## Data shown
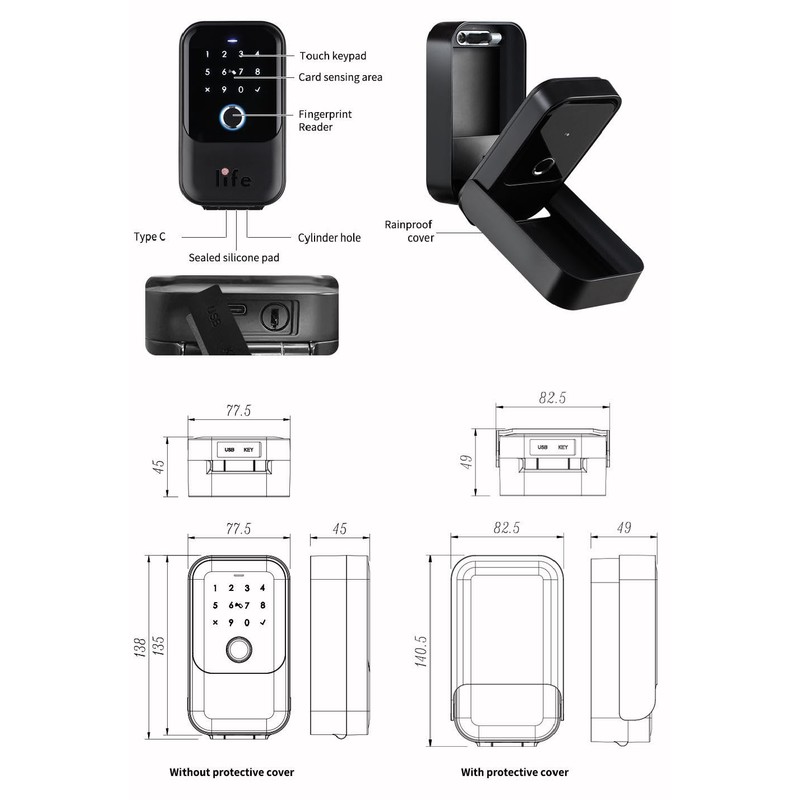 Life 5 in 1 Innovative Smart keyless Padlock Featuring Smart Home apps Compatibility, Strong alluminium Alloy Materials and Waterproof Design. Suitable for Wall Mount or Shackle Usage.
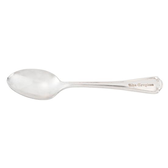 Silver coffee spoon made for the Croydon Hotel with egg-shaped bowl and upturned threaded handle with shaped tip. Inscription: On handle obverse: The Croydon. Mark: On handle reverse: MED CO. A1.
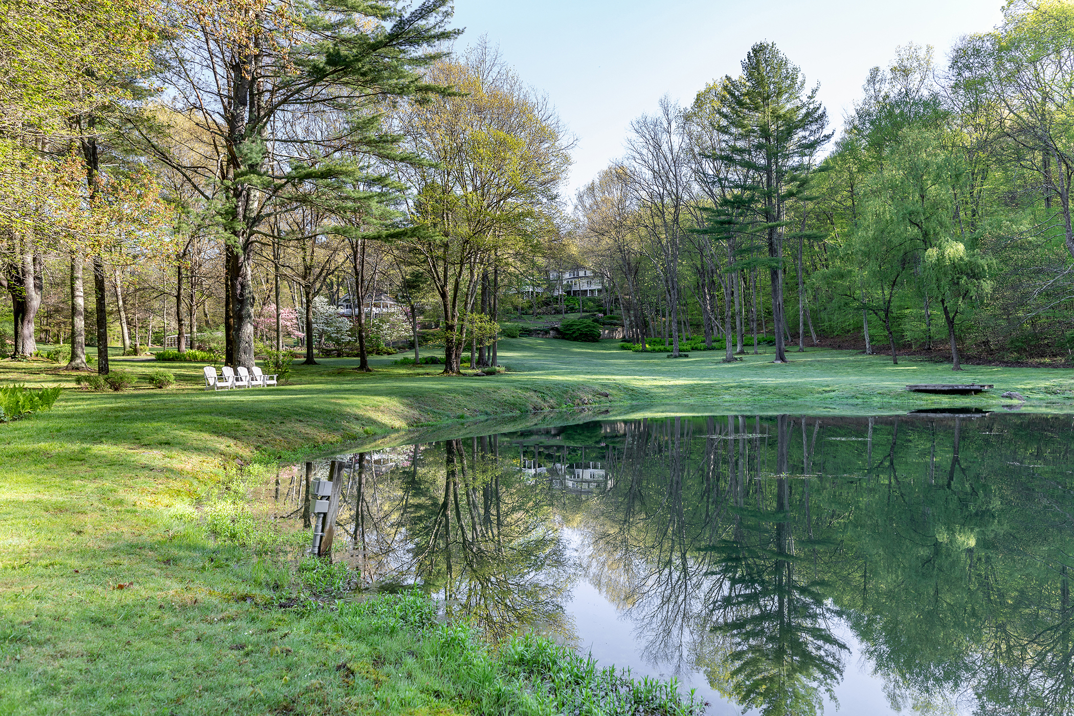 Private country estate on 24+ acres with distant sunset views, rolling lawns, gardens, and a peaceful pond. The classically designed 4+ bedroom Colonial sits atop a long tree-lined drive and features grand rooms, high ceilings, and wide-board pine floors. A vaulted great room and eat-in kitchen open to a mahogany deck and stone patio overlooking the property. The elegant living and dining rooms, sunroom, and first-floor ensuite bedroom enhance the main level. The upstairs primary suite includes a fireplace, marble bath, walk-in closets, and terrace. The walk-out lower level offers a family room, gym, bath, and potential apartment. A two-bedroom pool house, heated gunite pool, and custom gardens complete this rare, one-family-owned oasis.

## Work to complete
Omit any images, then output the listing exactly.

## Task output
 Life 5 in 1 Innovative Smart keyless Padlock Featuring Smart Home apps Compatibility, Strong alluminium Alloy Materials and Waterproof Design. Suitable for Wall Mount or Shackle Usage.
 Silver coffee spoon made for the Croydon Hotel with egg-shaped bowl and upturned threaded handle with shaped tip. Inscription: On handle obverse: The Croydon. Mark: On handle reverse: MED CO. A1.
 Private country estate on 24+ acres with distant sunset views, rolling lawns, gardens, and a peaceful pond. The classically designed 4+ bedroom Colonial sits atop a long tree-lined drive and features grand rooms, high ceilings, and wide-board pine floors. A vaulted great room and eat-in kitchen open to a mahogany deck and stone patio overlooking the property. The elegant living and dining rooms, sunroom, and first-floor ensuite bedroom enhance the main level. The upstairs primary suite includes a fireplace, marble bath, walk-in closets, and terrace. The walk-out lower level offers a family room, gym, bath, and potential apartment. A two-bedroom pool house, heated gunite pool, and custom gardens complete this rare, one-family-owned oasis.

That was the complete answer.